Varying brain insulin concentrations differentially regulate the fetal brain insulin receptor

We investigated the downregulating effect of varying states (physiologic and pharmacologic) of systemic and intracranial hyperinsulinism on the 28 to 30 day fetal rabbit brain insulin receptor. Alloxan-induced maternal diabetes (n = 5) produced mild fetal hyperinsulinemia (D) (plasma insulin concentrations = 59.80 +/- 8.10 microU/ml, control = 26.25 +/- 3.70; p less than 0.01), whereas systemic administration (IMI) of 1.0 U (n = 4) and 2.0 U (n = 4) of insulin to the fetus resulted in moderate (103.13 +/- 34.63 microU/ml) and severe (288.3 +/- 51 microU/ml) fetal hyperinsulinemia respectively. All three states of systemic hyperinsulinemia neither altered the fetal brain insulin content nor the brain insulin receptor number and affinity. 0.01 U (n = 4) of intracranial insulin administration (ICI) increased the brain insulin content four-fold (p less than 0.01) but did not alter the brain insulin receptor number or affinity. 0.1 (n = 5) and 2.0 U (n = 7) of intracranial insulin increased the brain insulin content to supraphysiologic concentrations (p less than 0.01) and decreased the fetal brain insulin receptor number (p less than 0.01), the affinity remaining constant. We conclude that 1) regardless of the ability of insulin to cross the blood brain barrier, the downregulation of the brain insulin receptor is insulin dose-dependent and 2) the downregulation of the fetal brain insulin receptor is not a physiologic but a pharmacologic effect of insulin.

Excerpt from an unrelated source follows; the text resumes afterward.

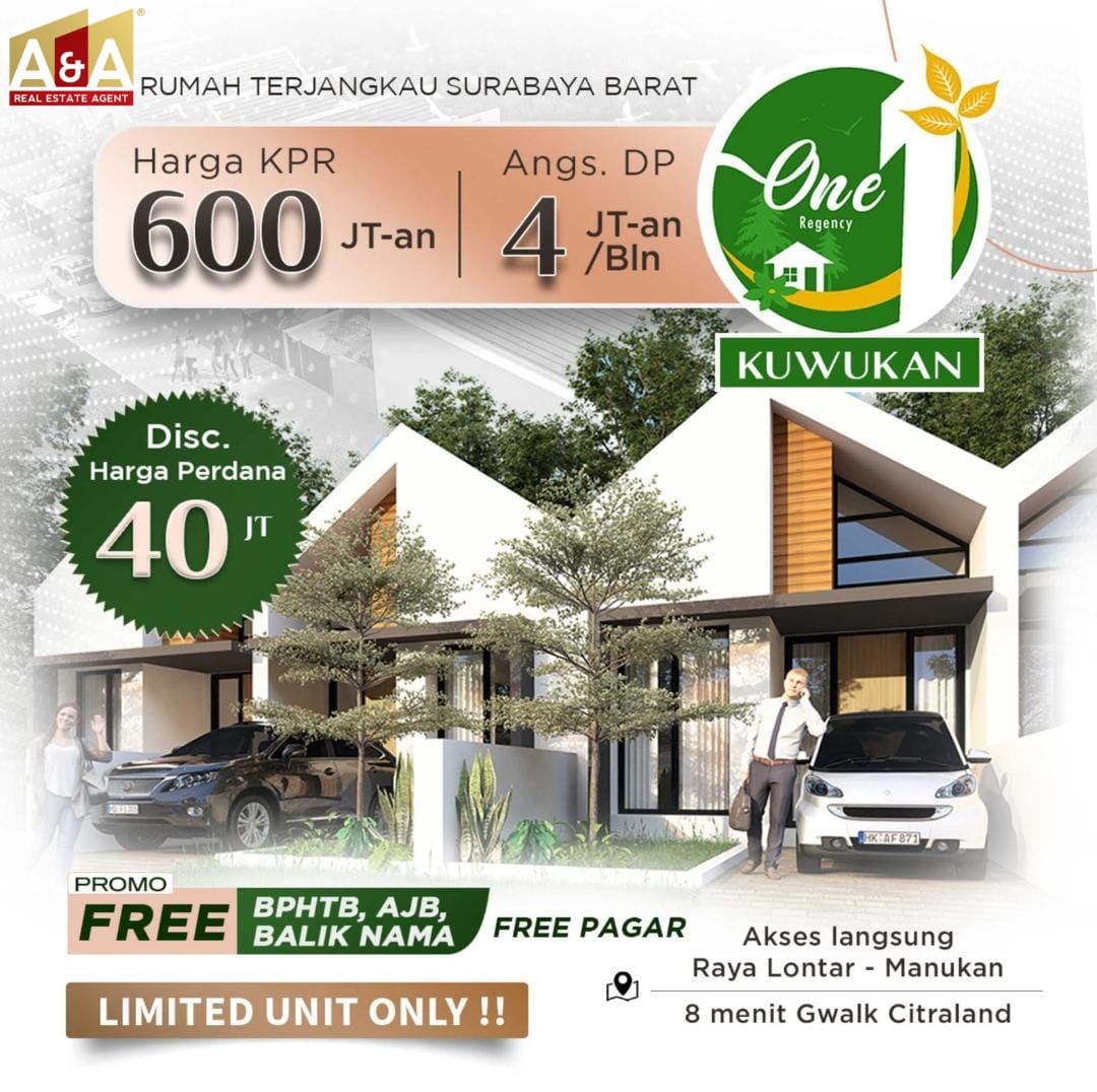 Dijual rumah di kawasan strategis Primary One Regency Kuwukan, Surabaya Barat. Dengan luas tanah 40 m² dan bangunan 62 m², rumah ini terdiri dari 2 kamar tidur dan 1 kamar mandi, cocok untuk keluarga kecil. Lokasinya yang sangat strategis memberikan akses mudah ke berbagai fasilitas umum, seperti Superindo, Gwalk, Food Junction, Supermall, dan Fairway Nine Mall. Rumah ini juga dekat dengan Samsat, memudahkan Anda untuk urusan administrasi kendaraan. Dengan Sertifikat Hak Milik (SHM). Daya listrik 2200 watt sudah cukup untuk kebutuhan rumah tangga. Harga jual rumah ini adalah Rp713 juta. Jangan lewatkan kesempatan memiliki rumah di lokasi strategis ini. Hubungi kami untuk informasi lebih lanjut atau jadwalkan kunjungan.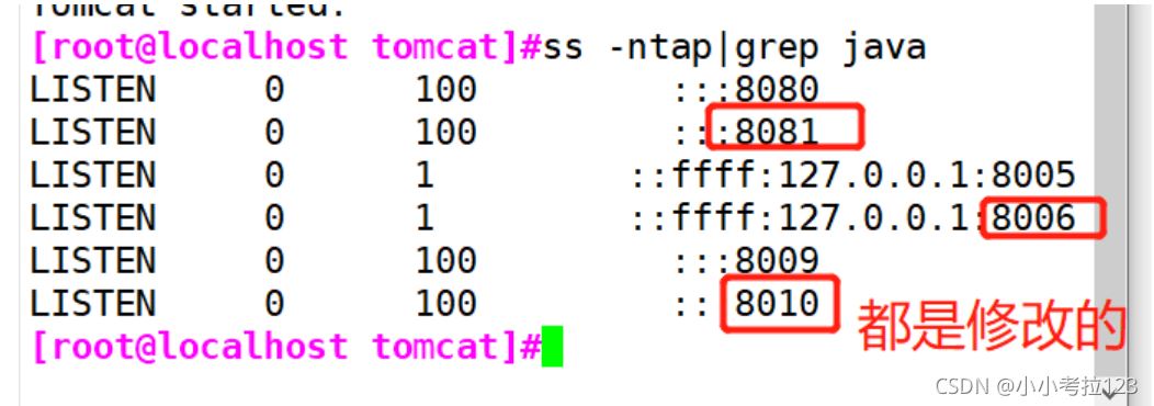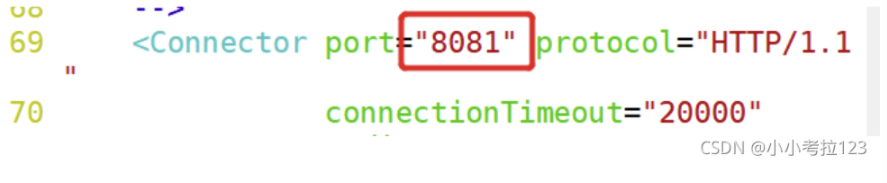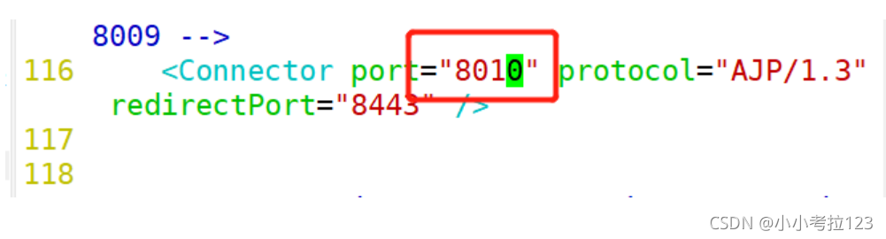 vim /usr/local/tomcat/tomcat2/conf/server.xml ?22 <Server port="8006" shutdown="SHUTDOWN">69 ? ? <Connector port="8081" protocol="HTTP/1.1"116 ? ? <Connector port="8010" protocol="AJP/1.3" redirectPort="8443" />?

Glut 1-glucose transporter protein in adult and fetal mouse lung

We observed approximately 45-50 kD GLUT 1 protein in mouse lung homogenates and demonstrated a greater abundance in fetus compared to adult. In situ immunohistochemical analysis demonstrated GLUT 1 expression only in the perineural sheath of nerves. While the trapped fetal red blood cells expressed GLUT 1 abundantly, adult red blood cells were devoid of GLUT 1. No GLUT 1 was evident in fetal and adult lung alveolar and bronchiolar epithelial cells, vascular endothelial cells and the lung mesenchymal elements. Thus, GLUT 1 is not the major lung glucose transporter.